Just for kicks (PUNNNN!!!!!!) I decided to figure out the top 7 foot-smacks doled out in martial arts movie history. These kicks range from the acrobatic to the sheer face crunching. The criteria I used to determine the winners was a combination of style, athleticism, and influence in pop culture.
It was a difficult process as there are many great movies with sweet chin music, but the following stood out to me. Hang around until the end of the article and I’ll give a few runners-up that didn’t quite fit the bill.
Here we go…
7. Billy Jack – Face Whopin’
This iconic kick comes from the Movie “Billy Jack” and is delivered by Tom Laughlin. Laughlin plays an ex-green beret Hapkido do-gooder who runs afoul of the law. Find out what happens next when they back him into the proverbial corner:
6. The Transporter – Bicycle Kicking
When you think of bicycle kicks, you probably envision a skilled soccer player making a diving hit over his own head. This is much different. In the following clip Jason Statham finds a way to put the boots to all of his oiled up opponents:
5. Ong Bak – Knee of Doom
Have you ever heard of a knee technique referred to as a “knee kick”? I hope so, because I am using that as an excuse to include this hit from the movie Ong Bak. After a good minute or two of being taunted by his opponent, Tony Ja prepares something extra spicy once the round starts:
4. Enter the Dragon – Ohara Gets His
Almost every scene in Enter the Dragon is ground breaking and awesome. But there is one kick that actually led to physical injury of the cast and crew. When Bruce Lee finally fights Ohara, he lines him up for an absolutely brutal sidekick. The actor Bob Wall was ok afterwards, but one of the extras in the background broke his hand during the fall. That’s no joke:
3. Karate Kid – The Crane Kick
While it may not be physically impressive, is there any kick more iconic? The crane kick is what every d-bag relies on when they try to mimic or make fun of martial artists. It also inspired a generation of future karateka (yours truly included). It’s over Johhny yea, you did it!!!:
2. Kickboxer – The 360 Split Spinning Hook Heel Foot Kick
Is it possible to build an entire career on one face slapping technique? Yes. JCVD did just that and kicked his way into our hearts. The thing that makes this kick so powerful is that no matter how many times you see it (and no matter how many movies he uses it in), it still rocks. For your pleasure, this montage:
1. Enter the Dragon – Han’s Skull Crusher
I’ve never actually felt the vibrations of a kick through my TV until I saw this armageddon-inducing swat from Bruce Lee. In the final epic fight against Han, Bruce puts the beat knuckle down until Han is in a dazed state. At that point Bruce lines him up and delivers a blow so powerful that my nose is starting to bleed just thinking about it. If you watch carefully it seems obvious that they use a Han-doll as a stunt double, and I don’t blame them. In fact I hope there were no live crew members within a 20 foot radius. Enjoy the number 1 kick ever put on the silver screen:
The martial arts universe is home to a lot of awesome kicks, and here are a few that I thought deserved mention as well. Check out the following links if you want more foot flying action:
Chuck Norris Roundhouse Kick – Certainly Chuck Norris’s famous roundhouse kicking meets the pop culture criteria to be a winner. Yet, despite the fanfare and entertaining jokes, I just don’t think there was enough here to trump the kicks on the list. I also discovered that Chuck Norris throws hook kicks far more often than roundhouse kicks, which made it difficult to find good footage of him from a movie (as opposed to Texas Ranger). I also had a tough time siphoning out all of the spoof and joke videos in order to try to find Chuck actually in action. You’ll notice the video in the link is a spinning hook from Return of the Dragon. Best I could do.

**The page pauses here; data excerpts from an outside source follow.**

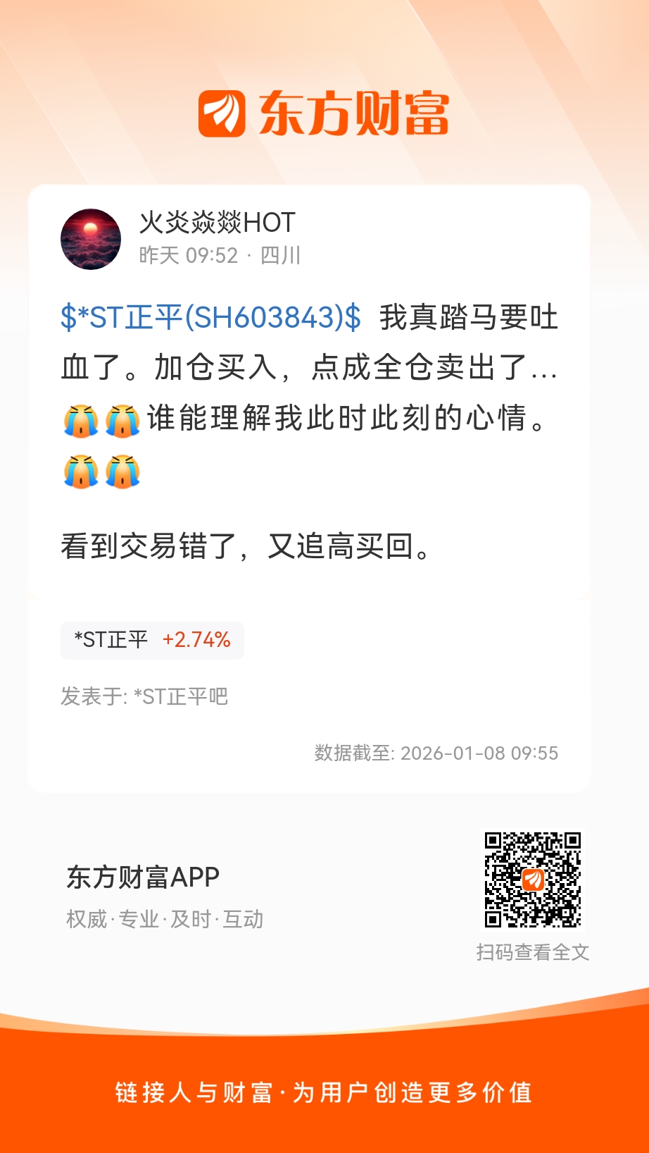 $*ST正平(SH603843)$ 我真踏马要吐血了。加仓买入,点成全仓卖出了…
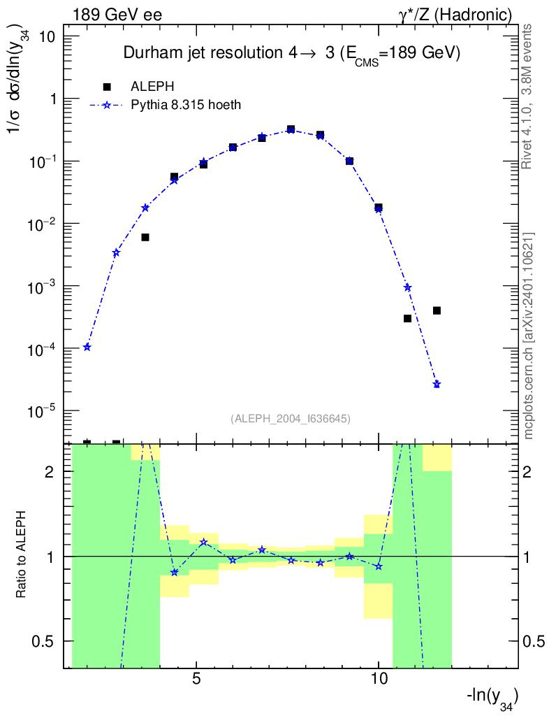 Lines: data, pythia8 8.315 hoeth |
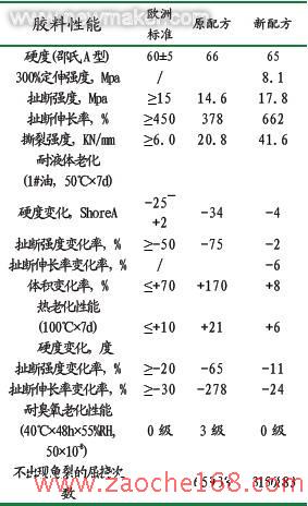 在现代机车车辆方面,空气弹簧已广泛用于各型铁路提速、准高速客车、高速客车,以及地铁车辆、轻轨车辆、磁悬浮列车和其他工程减振领域。空气弹簧的特点主要表现为:①能提供与运行速度相匹配的当量静挠度,同时,空气弹簧配有高度控制系统,使车体可在任何载荷下与轨面保持一定的高度,从而有利于增加悬挂装置的静挠度,改善转向架的动力品质和提高车辆的运行平衡性。②可通过改变内压得到不同的承载能力,同时,利用附加空气室,可以根据需要选择所需的低刚度,这使得空气弹簧可以适合多种结构的要求。③自振频率很低,且其自振频率在任何载荷下均可保持不变,这有利于悬挂装置的性能具有一定的稳定性。④具有高频吸振和良好的隔音效果,同时,利用空气阻尼作用,还可起到衰减振动的作用。与国外相比,在产品使用寿命上存在一定的差距,国外空气弹簧一般使用寿命为8~16年,而国内产品一般使用寿命仅有3~5年。畦田、利夫等人研究表明[34],作为空气弹簧气囊的老化因素,是以交变应力为基础,再以热、紫外线等的氧化老化因素相复合,并指出今后应将重点放在耐疲劳性的材料设计上。目前时代新材研制的空气弹簧胶料已经完全超过了欧洲标准(见表3),使用寿命可达10年以上。
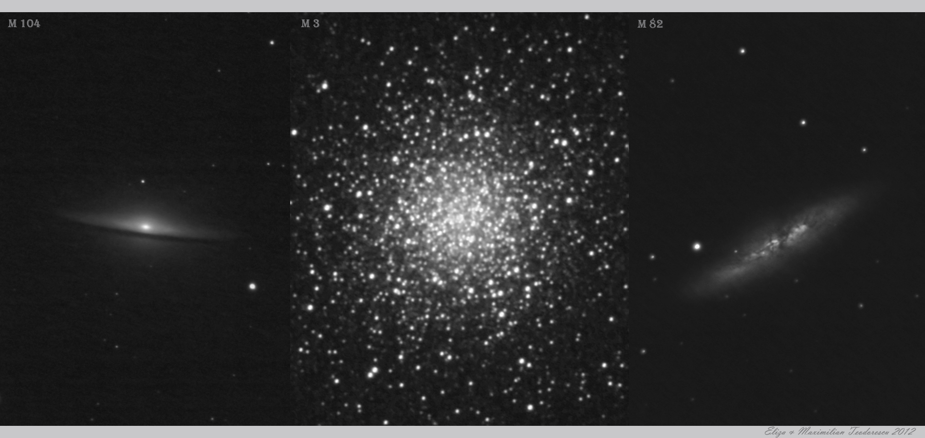Toate imaginile din colajul de mai jos sunt realizate de pe un cer de magnitudine +5 in focarul telescopului cu un Canon 550D si beneficiind doar de ghidajul automat “nativ” al monturii. Cadrele au fost achizitioante la ISO 12800 (!!!) si au avut timpi de achizitie de 20 secunde. Numarul de cadre per obiect a fost de 16 (pentru M 104), 21 (pentru M 82) si respectiv de 25 (pentru M 3).

Captain Kirk Dropkick – Seriously famous, but from a TV show so I couldn’t include it.
Drunken Master Kick Fight – There is a fight of massive kicking in the Jackie Chan film “The Legend of Drunken Master”. Unfortunately no one kick stood out so I ultimately decided against it.
Wayne’s World II Flying Kick – The fight between Wayne and Cassandra’s dad is awesome, and everytime I see the dad pull off the flying kick I laugh out loud.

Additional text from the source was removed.